Dataset entries:

+-------+

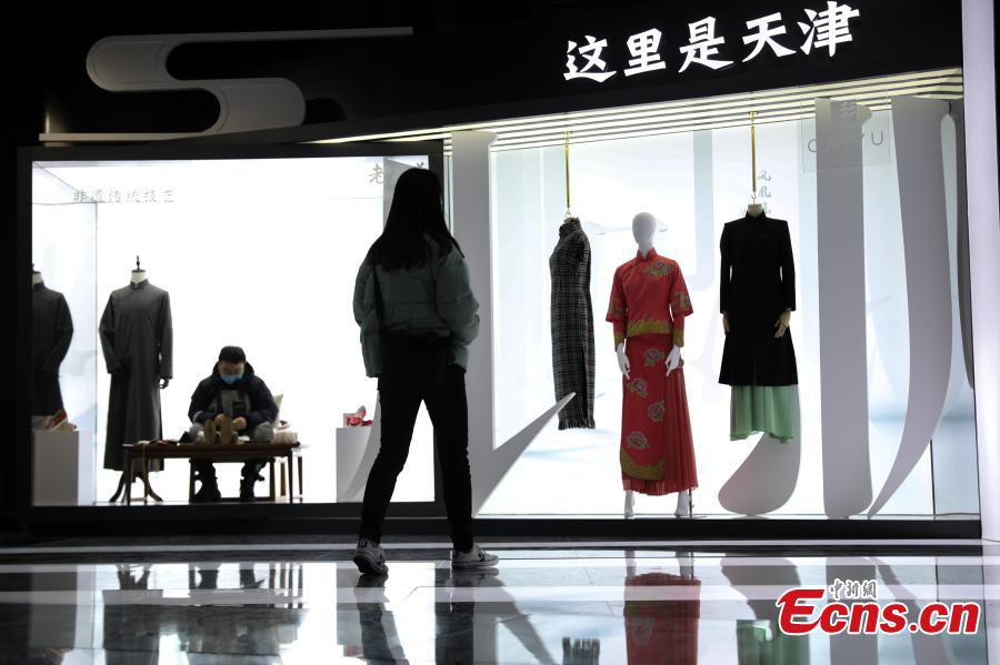 This photo shows Tianjin Pavilion of the 4th CIIE, National Exhibition and Convention Center (Shanghai), Nov. 8, 2021. (Photo: China News Service/Zhang Hengwei)
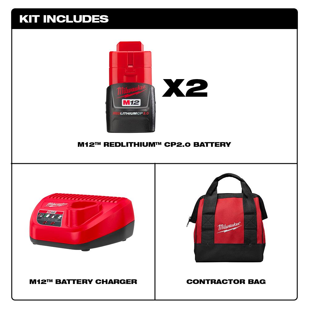 - (2) M12 2.0AH Battery (48-11-2420); (1) M12 Charger (48-59-2401); contractor bag
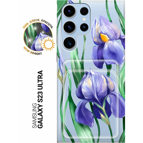 Силиконовый чехол на Samsung Galaxy S23 Ultra с принтом "Удивительные ирисы" с карманом для карты прозрачный
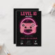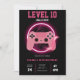 Neon Level 10 Unlocked video game birthday invitation featuring a glowing pink neon controller on a bold black background. A vibrant, modern design perfect for celebrating a gamer’s 10th birthday with an energetic, arcade style vibe.
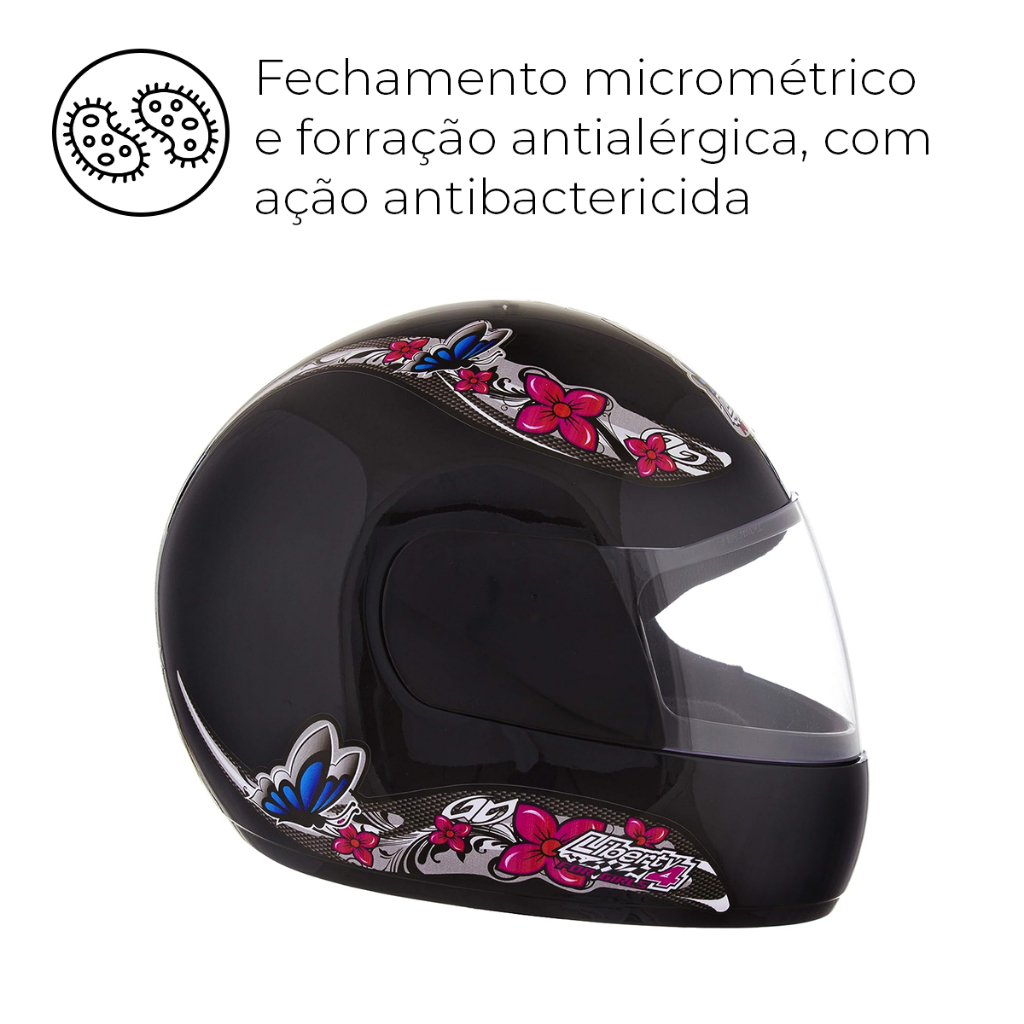 Capacete Moto Fechado Liberty Four For Girls Preto Viseira Cristal Inmetro Tamanho 56 - Pro Tork
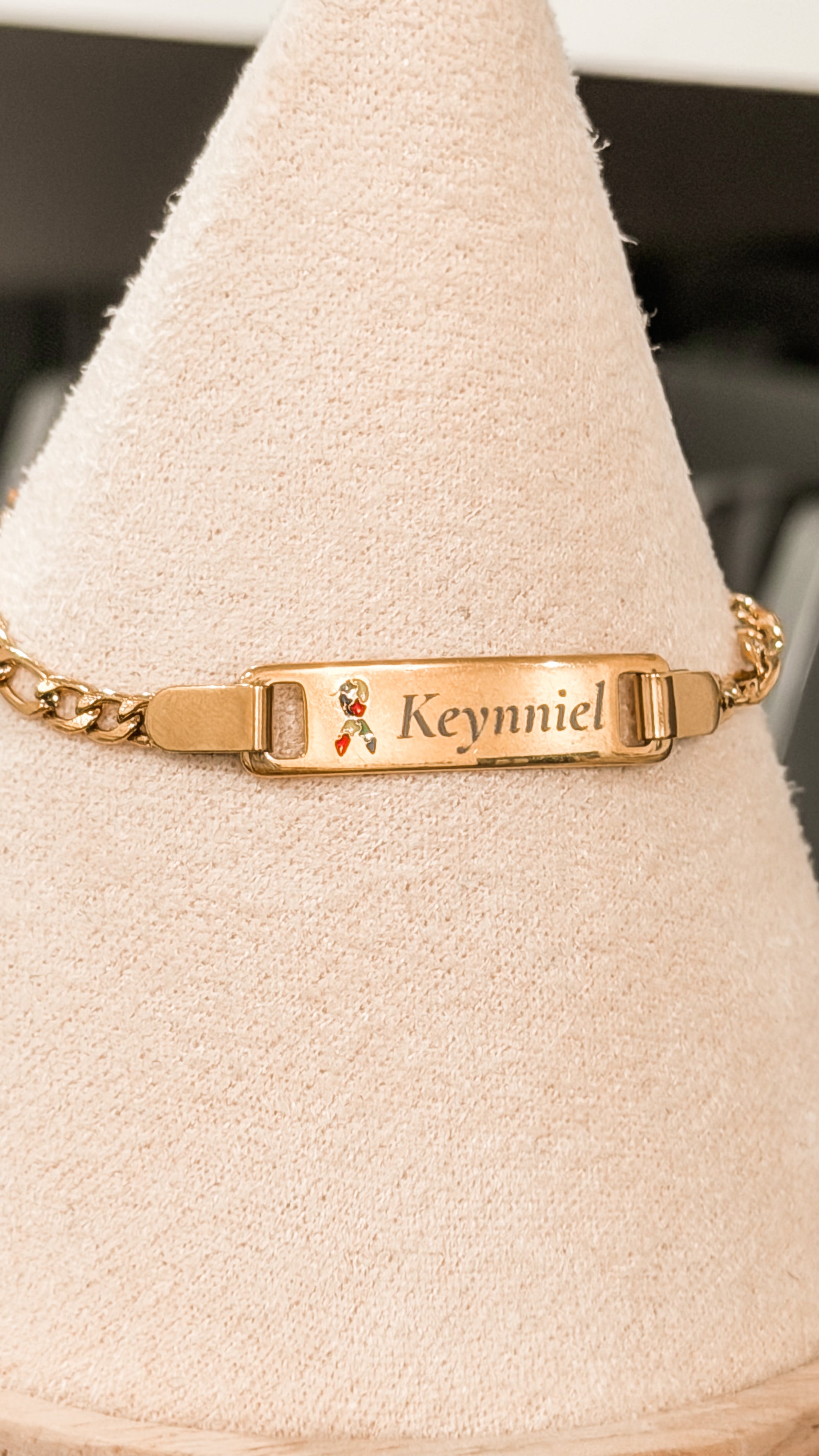 Se puede grabar por ambos lados, nombre al frente y lo que desee por detrás podría ser numero de teléfono, “I love You” “Te amo” etc.

+-------+

> [Task]
Please write out the lines above, beginning at the line with "Силиконовый чехол на" and ending at the last line of the records, exactly as they appear and without pictures.

> [Finished task]
 Силиконовый чехол на Samsung Galaxy S23 Ultra с принтом "Удивительные ирисы" с карманом для карты прозрачный
 Neon Level 10 Unlocked video game birthday invitation featuring a glowing pink neon controller on a bold black background. A vibrant, modern design perfect for celebrating a gamer’s 10th birthday with an energetic, arcade style vibe.
 Capacete Moto Fechado Liberty Four For Girls Preto Viseira Cristal Inmetro Tamanho 56 - Pro Tork
 Se puede grabar por ambos lados, nombre al frente y lo que desee por detrás podría ser numero de teléfono, “I love You” “Te amo” etc.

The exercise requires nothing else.